知ることから始まるんだ!
会場にシェフ姿で現れた男は、ペティナイフを明日奈の喉元につきつけた。


会場全体が楽しい会食パーティーから恐怖の場所に変わる。


「お、お願い・・・や、やめて・・・。」


「いやだね。ここで2人同じ傷を作って親密になっていくのさ。」




震える明日奈だったが、父の目が左に移動するような素振りを見せたため、明日奈はスッと左に動こうとした。
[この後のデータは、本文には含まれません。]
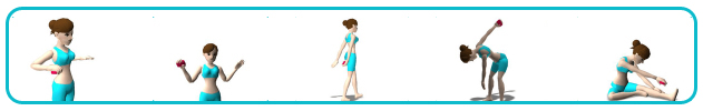 Aerobics level1: Straight Boxing, Foot Step, Cross-Armed Stretch, Knee Kick, Arms Open with a Step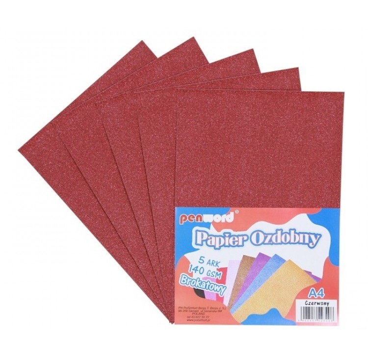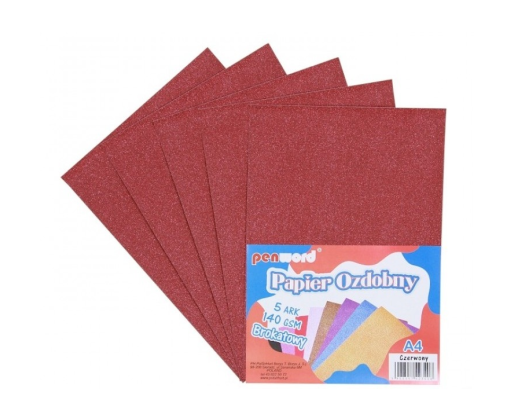- Blizgus kartonas PENWORD 140g, A4/5vnt. rinkinys, raudonas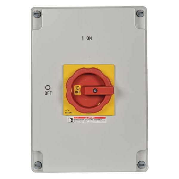 Safety Switch, Contact Form 3PST, Current Rating 100 A, Depth 4 5/8 in, Duty Heavy Duty, Enclosure Type Enclosed, Environment Indoor/Outdoor, For Fuse Class Not Applicable, Handle Color Red/Yellow, Handle Type Rotary, Height 11 7/8 in, Horsepower @ 600V AC 75 hp, Housing Material Plastic, IP Rating IP65, NEMA Enclosure Rating 1, 12, 4X, Neutral Assembly Included Yes
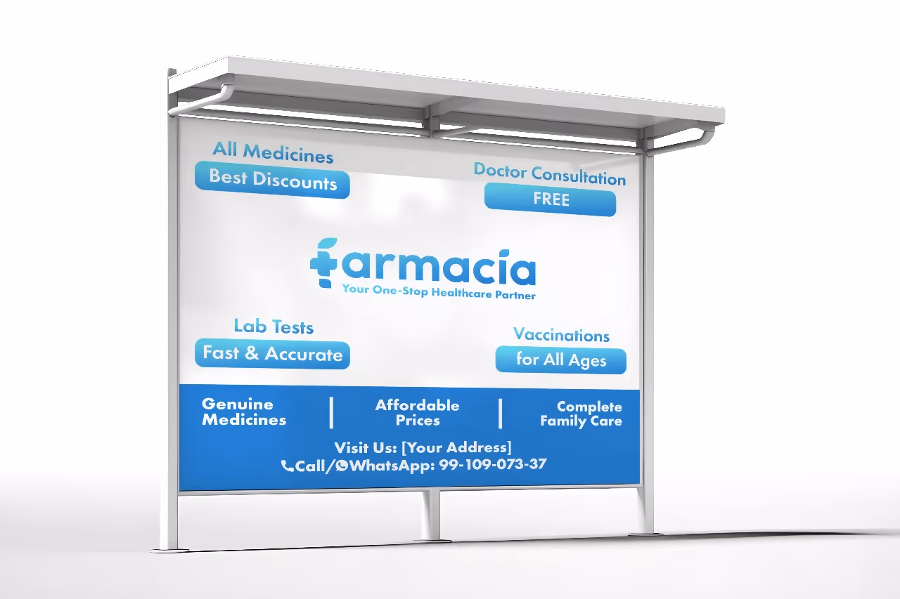 Parallel to branding, we worked on strategic positioning. Farmacia was framed as a complete healthcare destination — bringing together medicines, lab tests, and doctor consultations under one cohesive brand experience. This clarity informed both messaging and visual hierarchy across touchpoints.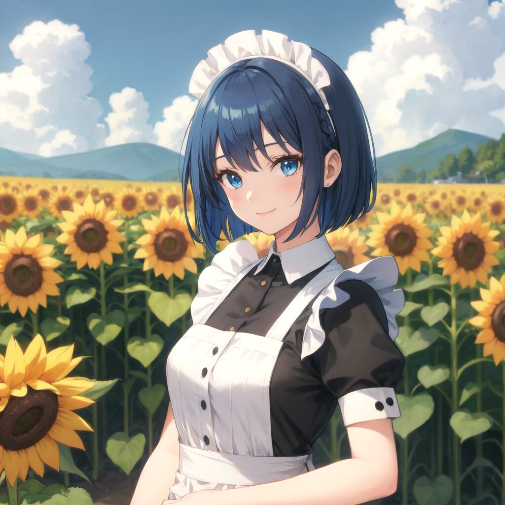 あいちゃんはヒマワリ畑のお手入れに忙しいようです。

「おおっと・・・そういう・・・おわっ!な、なんだ!!くそっ、おまえが来てるとは!」



大きなマスクをしていたシェフが男のナイフを蹴り上げて、ナイフが床をすべりとんだ。


「兄さん!!」


明日奈を守ったのは、兄の崇だったが崇が男に殴りかかった瞬間悲劇は起こった。


崇の腕から血が流れている。



「明日奈!父さん、明日奈を連れて、早く逃げろ!」


「兄さん、だめっ・・・兄さんがっ!殺されちゃう。」


「俺は大丈夫・・・大丈夫だから・・・ううっ!」


血を見て興奮した犯人は崇の腰に小さなナイフをつきたてていた。


どうやら小さなナイフは複数持っているらしい。



泣き叫びながら、明日奈は病院へと移動させられた。

そして、20分後、救急車で崇が搬送されてきた。

崇は緊急手術のため、手術室に入っていった。

服は真っ赤に血で染まり、真っ青な顔をして運ばれていた。


搬送してきた医療スタッフと警察官の話からすると、もう一撃くらっていたら死んでいただろうと話していた。


「兄さん・・・私のために・・・。私をかばうなんて。
父さんとうまくいってないっていって明日、喫茶店をオープンするんじゃなかったの?」


「すまん、父さんが呼んだんだ。
崇には私の後を継いでほしかったが、あいつは料理を作るよりも、作った後のコミュニケーションを楽しみたいといってな・・・昨日許したんだ。
ボディーガード代わりにおまえのそばにいてやってくれと頼んだんだが・・・まさか・・・こんなことになるなんて。」


「兄さんを許してあげてたのね。
あれ?明日開店・・・って・・・兄さんあの体じゃ無理だわ。
お父様、あの・・・私・・・。」



「わかってるよ、崇の復帰するまでおまえが何とかしてあげなさい。
私は料理本の執筆があるし、出歩く仕事はしばらくないからな。」


結局、明日奈を追いかけてきた男は、昔明日奈とスタッフとして働いていた男で、明日奈と2人っきりになったとき、明日奈を押し倒して乱暴しようとしたため解雇された過去があった。

それからストーカーとなり、明日奈の近くに姿を見せるようになっていた。
注意はしていたものの、まさかパーティー会場へやってくるとは・・・みんな驚いていた。